Fetches information about the authenticated user from the userinfo endpoint.

This function retrieves additional claims about the end-user from the provider's userinfo endpoint using the access token. This can be useful when you need user attributes that weren't included in the ID token claims.

Parameters

  • config - The provider configuration map
  • access_token - The OAuth 2.0 access token obtained from fetch_tokens/2

Returns

  • {:ok, userinfo} - On success, returns a map of user information
  • {:error, reason} - On failure, returns an error tuple with details

Userinfo Claims

The returned claims will depend on the scopes requested during authorization, but typically include:

  • "sub" - Subject identifier (unique user ID)
  • "name" - User's full name (if "profile" scope)
  • "given_name" - First name (if "profile" scope)
  • "family_name" - Last name (if "profile" scope)
  • "email" - Email address (if "email" scope)
  • "email_verified" - Boolean indicating if email is verified (if "email" scope)
  • "picture" - URL to profile picture (if "profile" scope)

Example 

{:ok, userinfo} = OpenIDConnect.fetch_userinfo(google_config, access_token)

# Access user information
user_id = userinfo["sub"]
email = userinfo["email"]
name = userinfo["name"]

Security Note

The userinfo endpoint requires a valid access token. The token must have appropriate scopes (typically "openid" and others like "profile" or "email").

For more details, see the OpenID Connect UserInfo Endpoint.

verify(config, jwt)

@spec verify(config(), jwt :: String.t()) :: {:ok, claims :: map()} | {:error, term()}

Verifies the validity and authenticity of an OpenID Connect ID token.

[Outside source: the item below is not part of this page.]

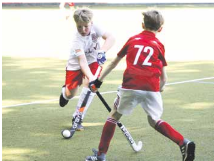
Am Samstag können Interessierte Hockey ausprobieren.

Die Teilnahme ist kostenlos. Mitzubringen sind lediglich Sportkleidung und Turnschuhe; Schläger und Bälle stellt der Verein bereit. Eine Anmeldung per E-Mail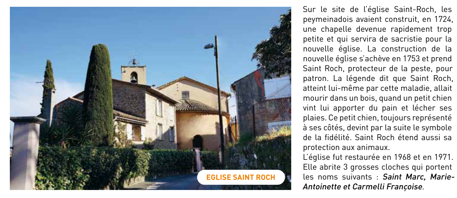
EGLISE SAINT ROCH

Sur le site de l'église Saint-Roch, les peymeinadois avaient construit, en 1724, une chapelle devenue rapidement trop petite et qui servira de sacristie pour la nouvelle église. La construction de la nouvelle église s'achève en 1753 et prend Saint Roch, protecteur de la peste, pour patron. La légende dit que Saint Roch, atteint lui-même par cette maladie, allait mourir dans un bois, quand un petit chien vint lui apporter du pain et lécher ses plaies. Ce petit chien, toujours représenté à ses côtés, devint par la suite le symbole de la fidélité. Saint Roch étend aussi sa protection aux animaux. L'église fut restaurée en 1968 et en 1971. Elle abrite 3 grosses cloches qui portent les noms suivants : Saint Marc, Marie-Antoinette et Carmelli Française .

This security-critical function verifies that:

  1. The token's signature is valid and was signed by the provider's key
  2. The token has not expired (checking the "exp" claim)
  3. The token is intended for your application (checking the "aud" claim)

Parameters

  • config - The provider configuration map
  • jwt - The ID token string (a JSON Web Token) from the tokens response

Returns

  • {:ok, claims} - On successful verification, returns the decoded claims from the token
  • {:error, reason} - On verification failure, returns an error tuple with details

Verification Process

  1. The signature is verified using the provider's JSON Web Keys (JWKs), which are fetched from the provider's JWKs endpoint listed in the discovery document.
  2. The "exp" (expiration) claim is checked to ensure the token has not expired. A configurable leeway (default: 30 seconds) is allowed to account for clock skew.
  3. The "aud" (audience) claim is verified to ensure the token is intended for your application, as identified by your client_id.

Example 

{:ok, claims} = OpenIDConnect.verify(google_config, id_token)

# Common claims you might find in the response:
user_id = claims["sub"]         # Unique user identifier
email = claims["email"]         # User's email (if in scope)
name = claims["name"]           # User's name (if in scope)
picture = claims["picture"]     # URL to user's profile picture (if available)
issuer = claims["iss"]          # Identifies the token issuer

Security Warning

Always verify tokens before trusting their contents. Never use token data for authentication purposes without verification, as tokens could be forged or tampered with.